Senate votes 'yea' to arbitration rule repeal

By Katalina M. Bianco, J.D.

A narrow Senate vote on Oct. 24, 2017, leaves the Consumer Financial Protection Bureau rule on mandatory forced arbitration agreements only a presidential signature away from near-permanent repeal. The measure narrowly passed along largely partisan lines in the Senate with a vote of 50-50 plus Vice President Mike Pence's tiebreaking "yea" vote.

The House and Senate passed the vote under the Congressional Review Act. Under CRA rules, President Trump's signature not only will halt the rule from going into effect but will also bar any federal agencies from enacting similar rules without congressional action.

Final rule. The forced arbitration rule became effective in September but would have applied to arbitration clauses beginning March 19, 2018. It was intended to limit terms in consumer banking and other financial agreements that force consumers to settle disagreements through arbitration.

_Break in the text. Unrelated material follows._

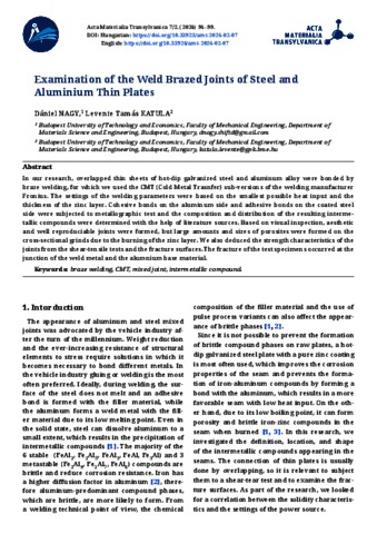 In our research, overlapped thin sheets of hot-dip galvanized steel and aluminum alloy were bonded bybraze welding, for which we used the CMT (Cold Metal Trasnfer) sub-versions of the welding manufacturerFronius. The settings of the welding parameters were based on the smallest possible heat input and thethickness of the zinc layer. Cohesive bonds on the aluminum side and adhesive bonds on the coated steelside were subjected to metallographic test and the composition and distribution of the resulting intermetallic compounds were determined with the help of literature sources. Based on visual inspection, aestheticand well reproduciable joints were formed, but large amounts and sizes of porosites were formed on thecross-sectional grinds due to the burning of the zinc layer. We also deduced the strength characteristics of thejoints from the shear-tensile tests and the fracture surfaces. The fracture of the test specimens occurred at thejunction of the weld metal and the alumnium base material.

Proponents of the rule, such as Center for Responsible Lending’s Senior Policy Counsel, Melissa Stegman, argued that the arbitration process is often a "rigged system," with no opportunity for appeal and with the arbitrator beholden to the banks for repeat business.

"These rip-off clauses deny Americans the freedom to seek justice through our court system—a right embodied by the Constitution's Seventh Amendment," Stegman said in a statement following the vote.

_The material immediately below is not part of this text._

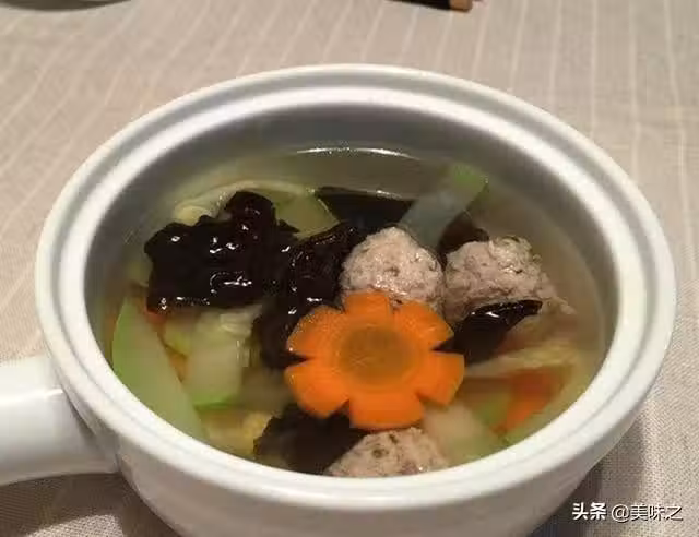 5、將鍋中的水去掉,再重新盛入清水煮沸,加入備好的黑木耳、瓜片、胡蘿蔔片及肉丸,煮4分鐘左右,調入適量鹽後即可出鍋。

CFPB study. Critics of the rule, however, cited a CFPB study in arguing that arbitration awards were, on average, higher than court awards for consumers, and that arbitration settlements occurred faster than court settlements.

According to the CFPB’s 2015 study, arbitration awards generally were received within five months compared to the median of roughly 18 months for court cases; however, only a third of arbitration claims during the study period resulted in a decision, and of those that the CFPB could determine an outcome, only about 10 percent—roughly 32 cases—resulted in "affirmative relief." Meanwhile, the courts approved an average of 85 class settlements per year, amounting to an average annual relief amount of $540 million per year.

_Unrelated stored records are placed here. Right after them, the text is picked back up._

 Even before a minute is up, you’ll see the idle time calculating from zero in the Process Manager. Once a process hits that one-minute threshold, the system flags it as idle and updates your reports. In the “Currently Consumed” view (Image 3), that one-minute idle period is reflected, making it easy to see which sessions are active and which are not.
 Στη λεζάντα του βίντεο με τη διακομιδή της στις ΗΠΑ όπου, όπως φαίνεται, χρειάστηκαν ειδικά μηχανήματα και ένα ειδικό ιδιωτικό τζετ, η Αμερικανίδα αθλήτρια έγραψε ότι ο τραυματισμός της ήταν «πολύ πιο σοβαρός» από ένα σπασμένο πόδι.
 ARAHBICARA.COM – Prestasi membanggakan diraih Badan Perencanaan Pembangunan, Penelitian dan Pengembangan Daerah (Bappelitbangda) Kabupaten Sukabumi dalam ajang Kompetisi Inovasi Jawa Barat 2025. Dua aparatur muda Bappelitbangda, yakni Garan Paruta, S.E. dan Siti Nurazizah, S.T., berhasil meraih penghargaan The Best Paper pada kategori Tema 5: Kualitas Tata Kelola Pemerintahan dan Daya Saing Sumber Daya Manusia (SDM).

OCC comments. The Office of the Comptroller of the Currency also weighed in, heralding the vote as a move to avoid what it said "would have likely increased the cost of credit for hardworking Americans." The OCC had used the CFPB’s data to determine impact to credit costs. "The action by Congress is a victory for consumers and small banks across the country," said Acting Comptroller of the Currency Keith A. Noreika.